I'm sorry if this message is too convoluted, but I have a bit of a special situation.
About 2 months ago, I switched to a cut on Fierce 5 upper/lower and lost weight somewhat steadily without my strength levels really changing at all. I was around 150 lb when I began the cut (I'm 5'6") and dropped to about 145 in a month. It felt fine for a while, although I did have to take a week off to move to a new city, and I'd planned another to take a vacation to Okinawa with my girlfriend.
The week we were supposed to go, I got hit with a serious flareup of my illness, and I ended up in a hospital bed for 9 days, 4 of which were completely without food, water, or anything except IV saline and 2 of which were spent on IV nutrition only. My weight dropped to about 136 pounds within the week, but I assumed it was mostly water weight or some body fat.
After release, I was also ordered to avoid any strenuous exercise for about another 9 days, although I did do basic bodyweight squats (even those were a serious struggle and slightly painful at first), pushups, and planks at home most days and ate tons of protein. I did, however, stop taking creatine, CLA, and Na-R-ALA because I don't know how any of those would interact with the 6 medicines I'm now taking or with my recovery. Not sure how much that would affect any of this.

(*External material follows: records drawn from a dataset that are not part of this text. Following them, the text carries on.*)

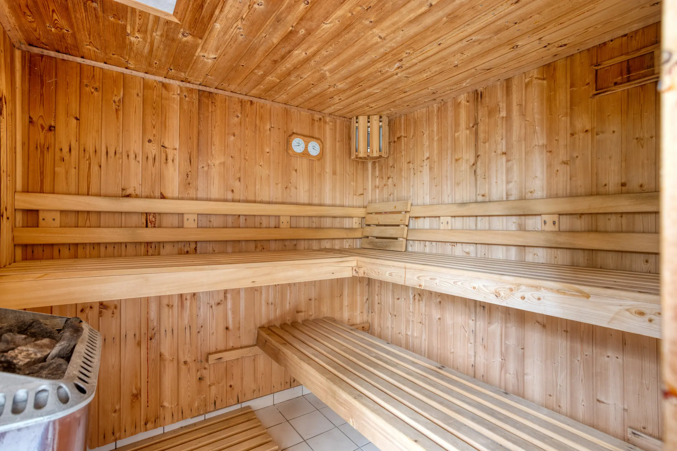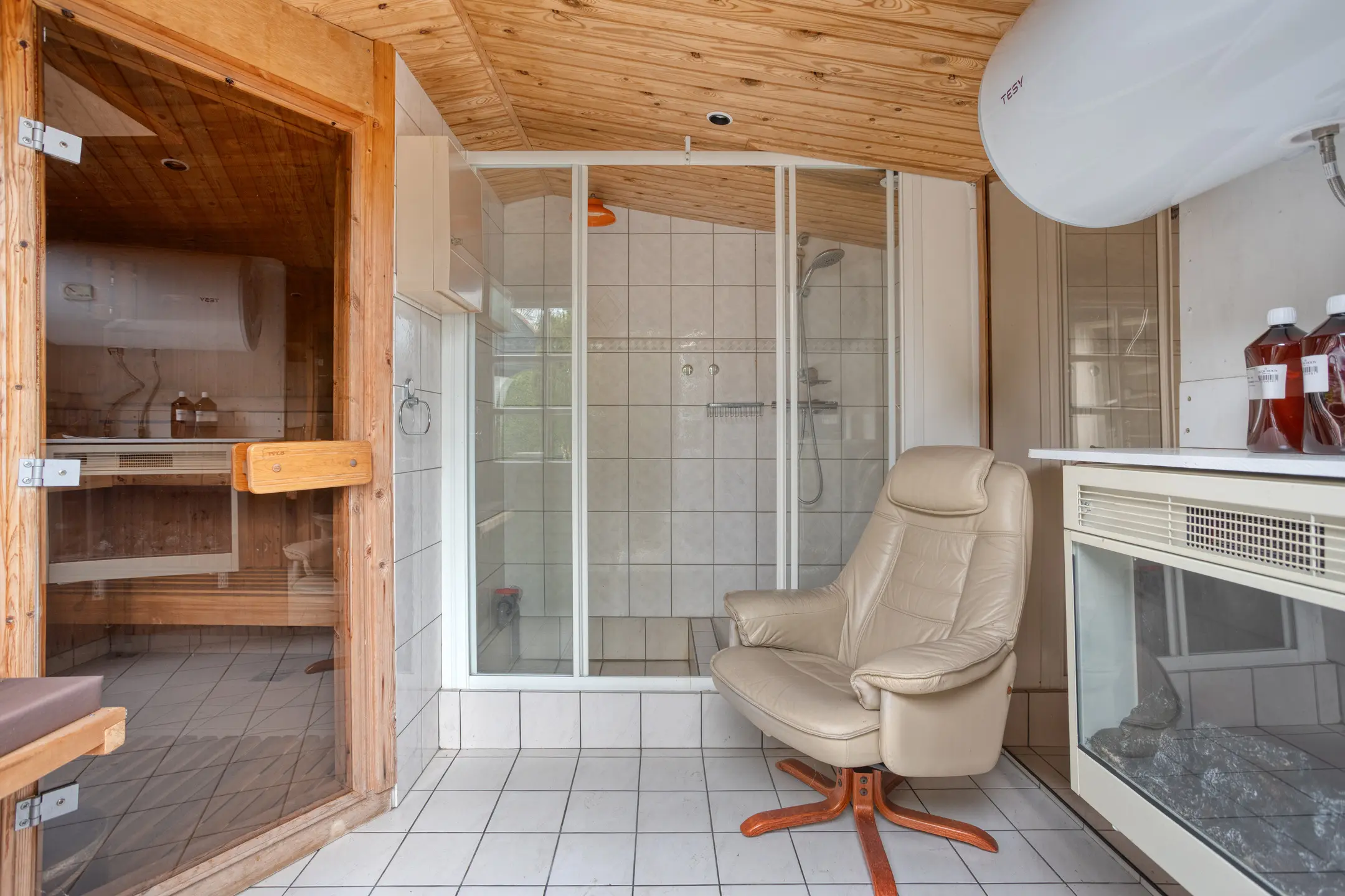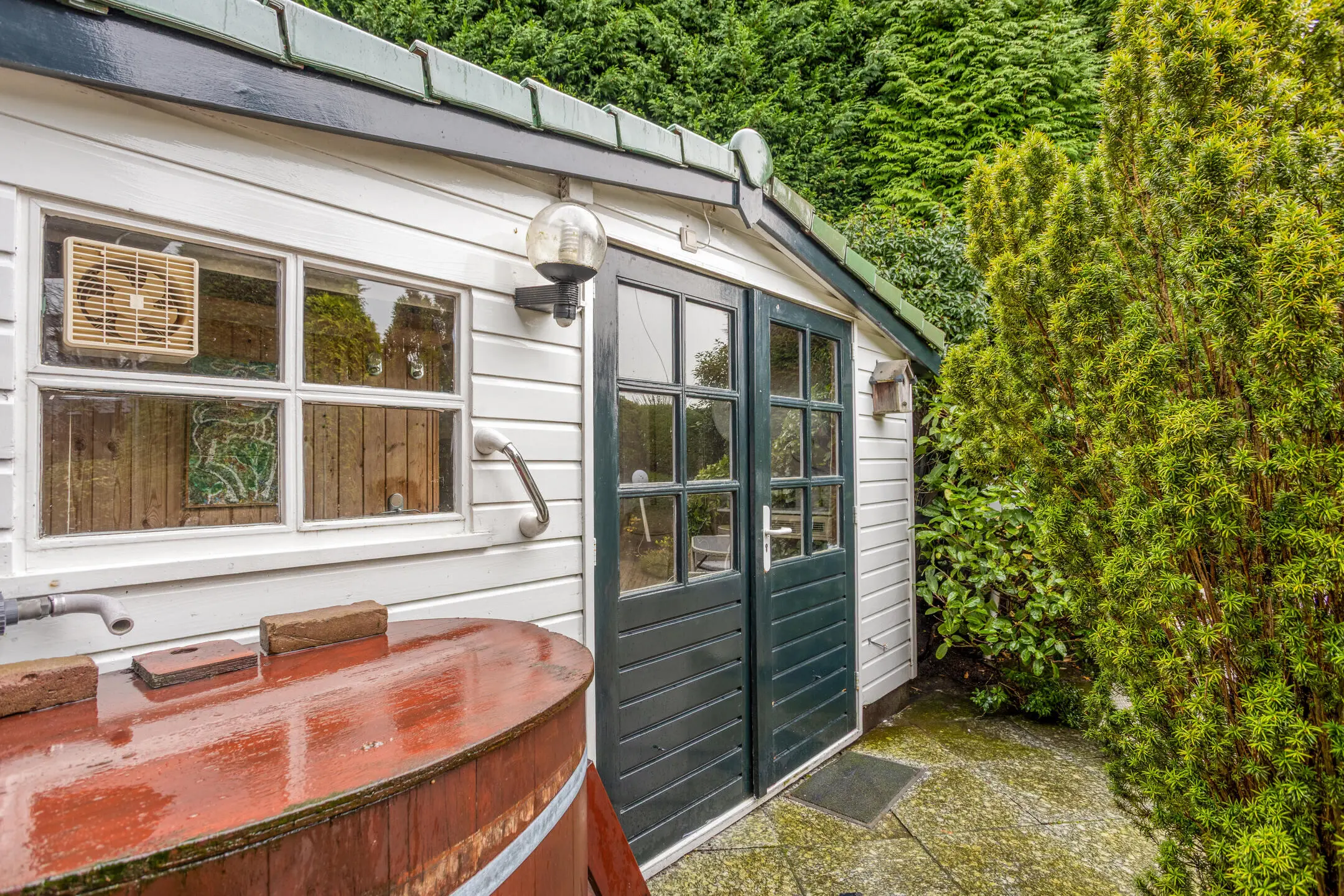 Achter de woning ligt nog een vrijstaande houten berging met sauna, relaxruimte en douche.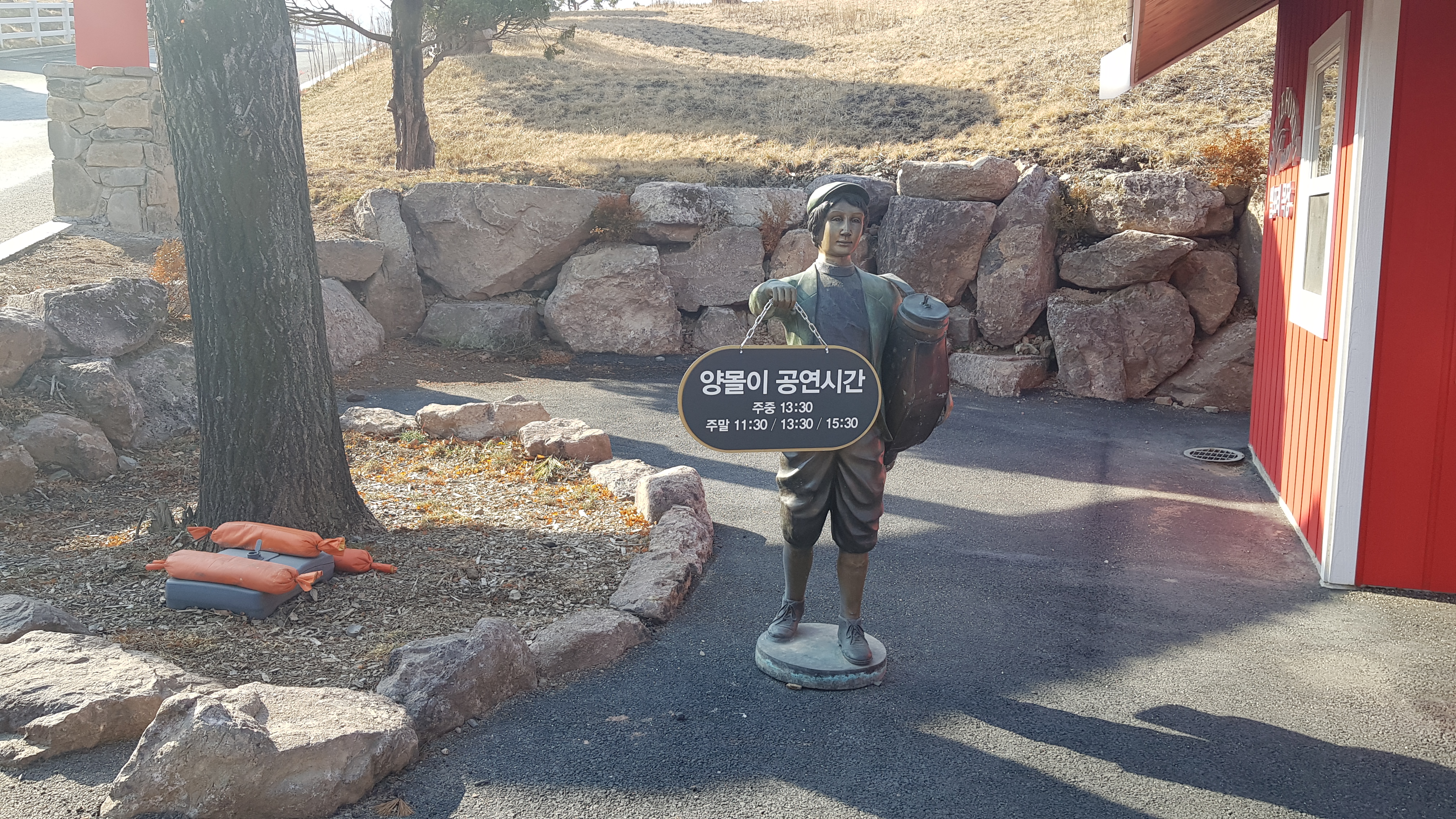 티켓 오피스 옆에 목동이 양몰이 공연시간 안내표를 들고 있다.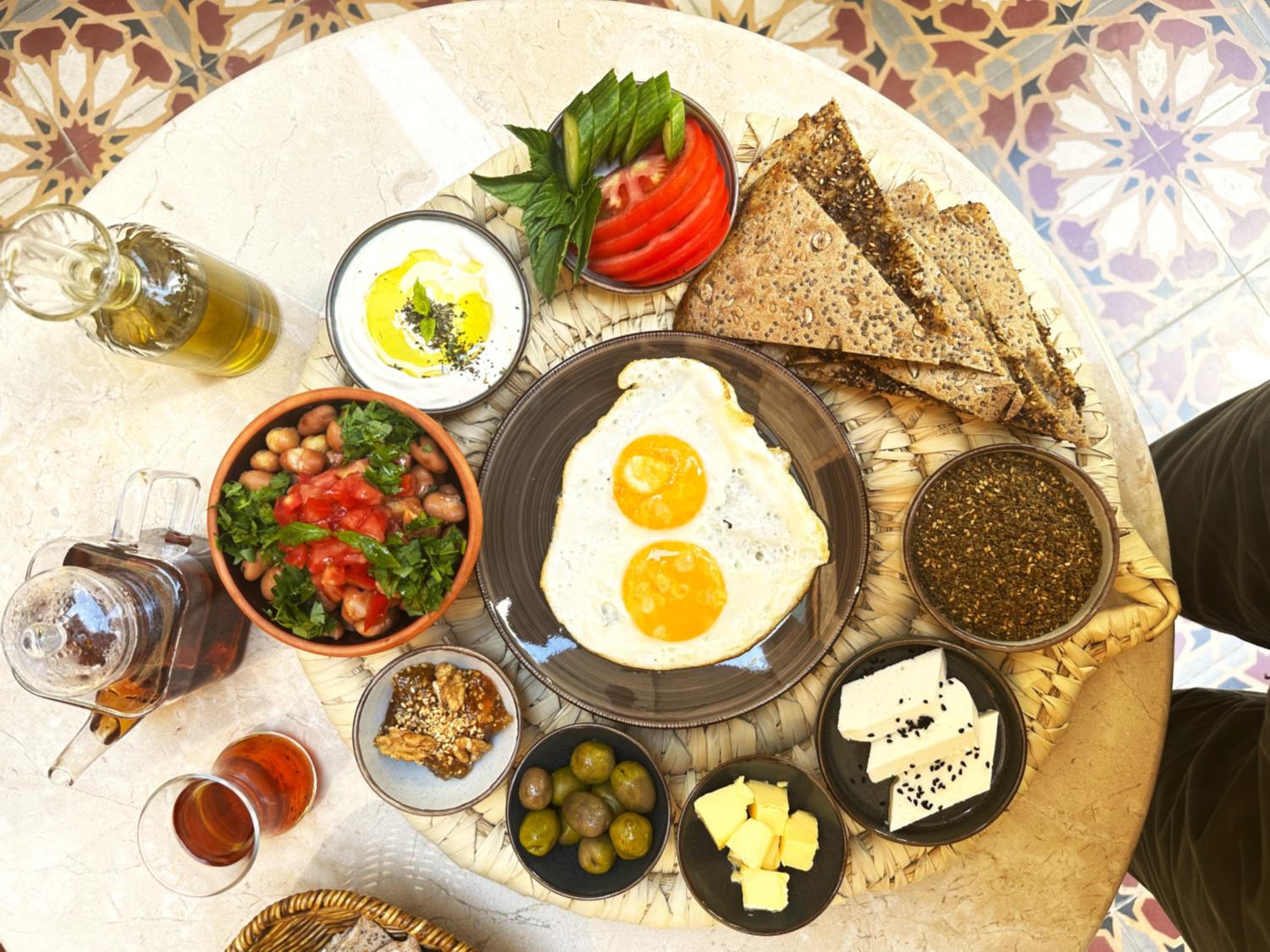 The breakfast is delicious and reflects the variety of Lebanese cuisine.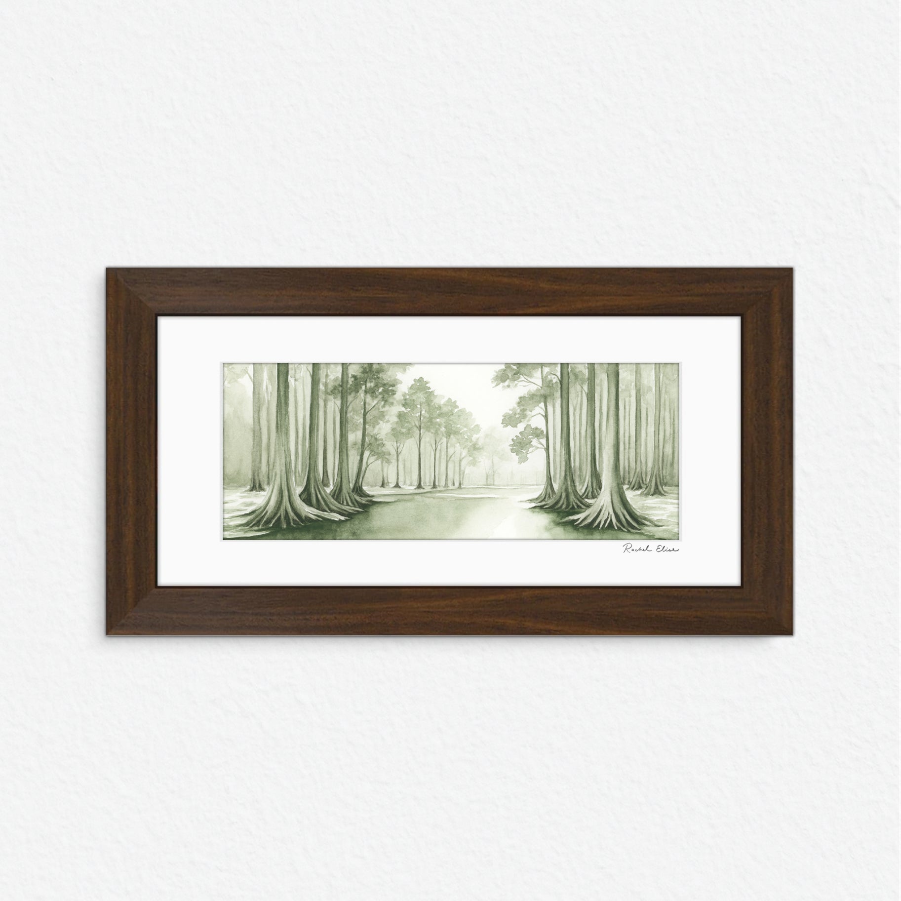 This sage green bald cypress tree along a river art piece was created using watercolor. Inspired by the rivers in Central Texas.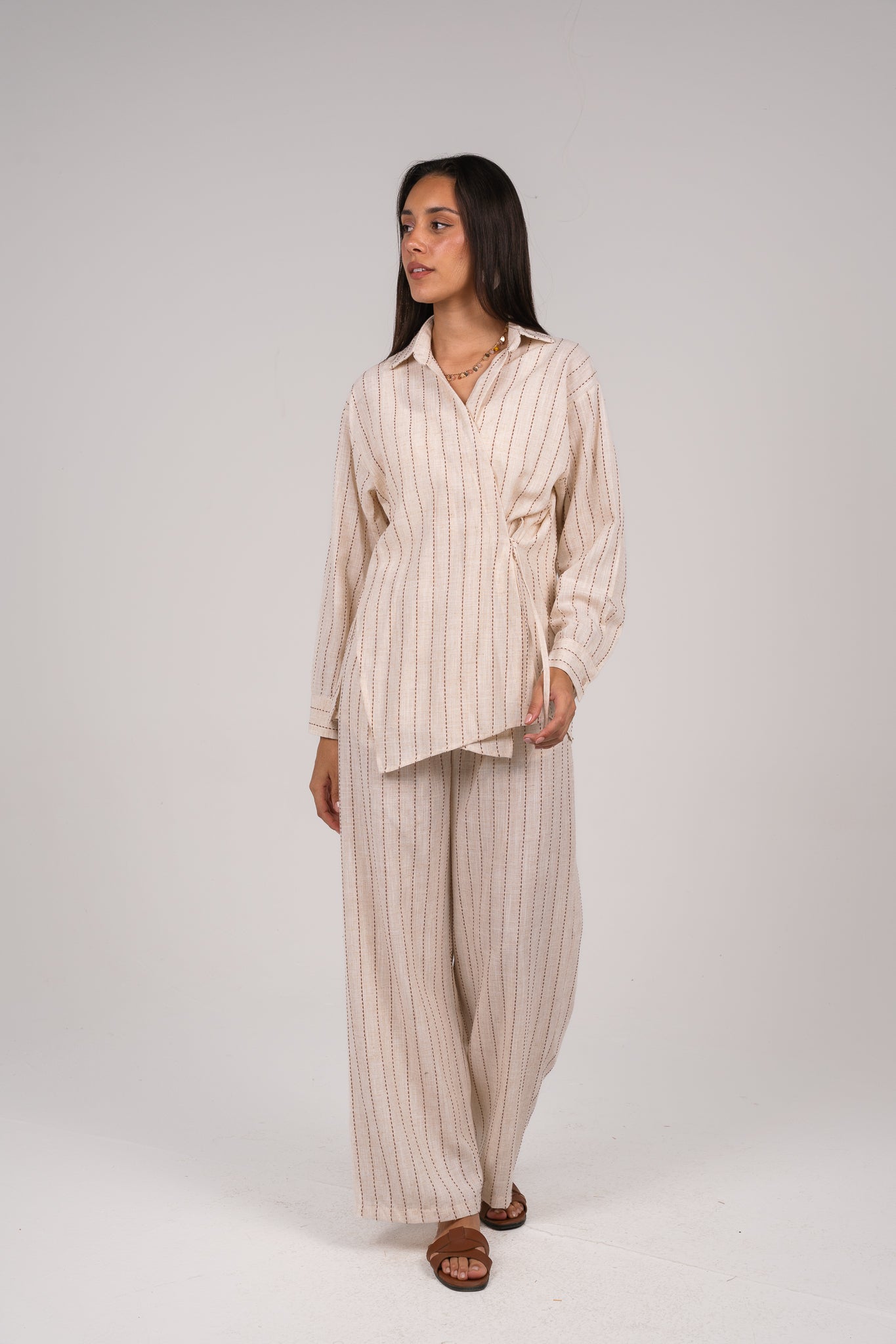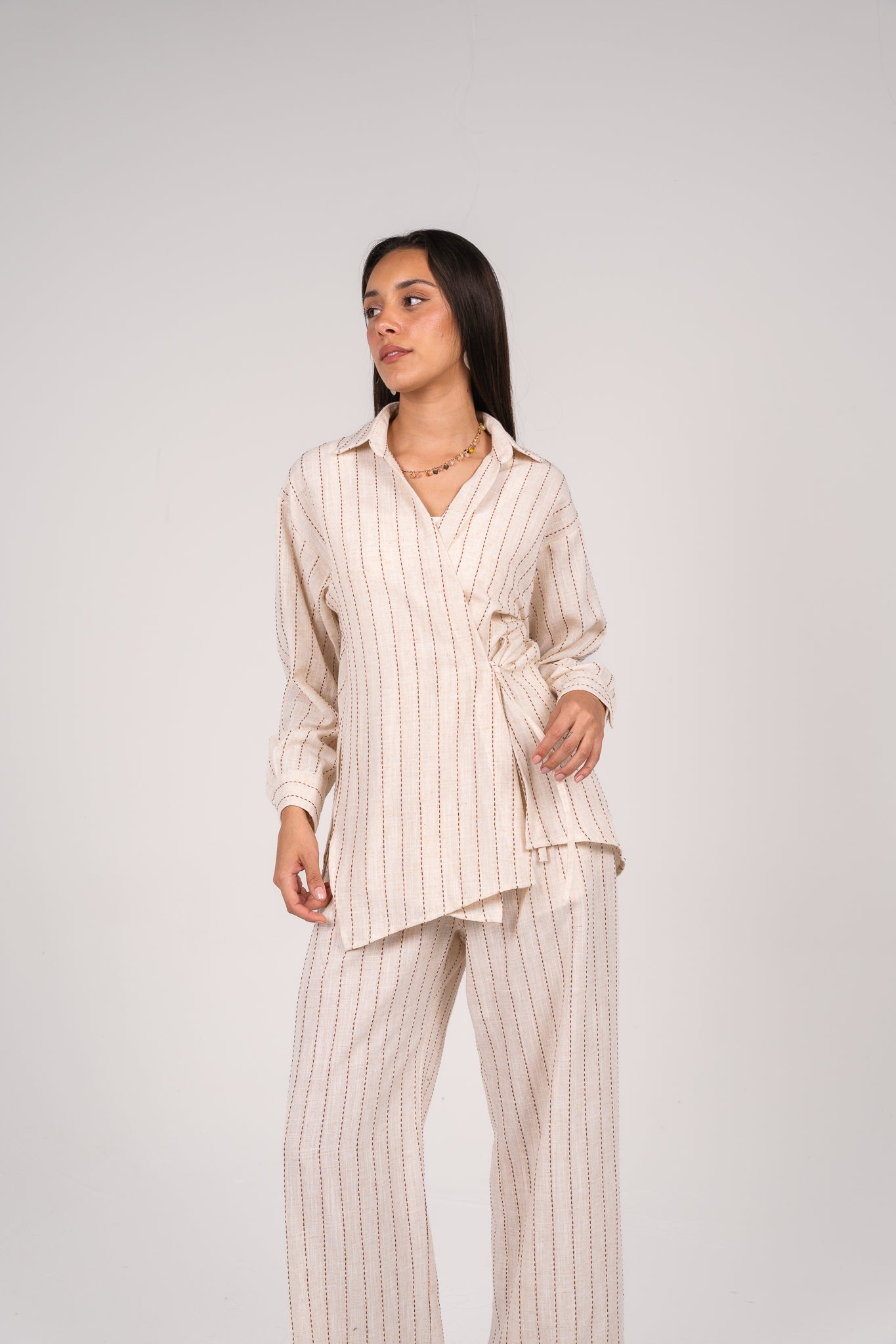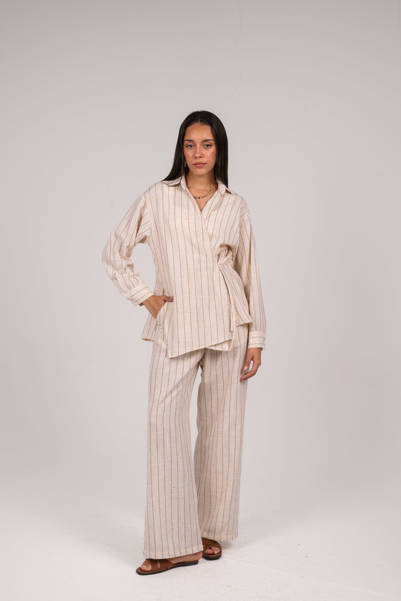 Our striped linen sets blend comfort with style—perfect for warm days and breezy evenings. Whether you go for the cinched waist detail or the relaxed wrap cut, both styles offer timeless versatility and breathable charm.

Today, I went to my gym for the first time in about 2 1/2 weeks, and I could barely do anything. I was doing upper split day A, and everything seems to have decreased by between 20% and 50%. Before, I just about benched 8 @ 65 kg or 5 @ 70 kg, or 5 @ 100 using a machine... today, I struggled to reach a 5th rep at 80 on the machine. I even tried to use dumbbells and could barely get up 5 reps at 20 kg per hand. The same thing happened with incline bench machine at 60 instead of usual 80, T-bar row at 30 instead of ~50. On lat pulldown, my form failed at 40 kg... I was doing around 50-60 for reps before. Cable bicep curls normally at 60 failed at 8th rep on 45, and notably, I couldn't do 12 @ 4 kg per dumbbell for incline bench reverse flies, something I've been doing since I started.
In this kind of situation, I would assume that every exercise I do should have some serious resetting/deloading. From there, though, should I be following the program's usual progression? It seems like if I do, it'll take something like 2-3 months to just survive doing what I was doing for fun 3 weeks ago. Is that normal? If not, how should the program be modified in this situation?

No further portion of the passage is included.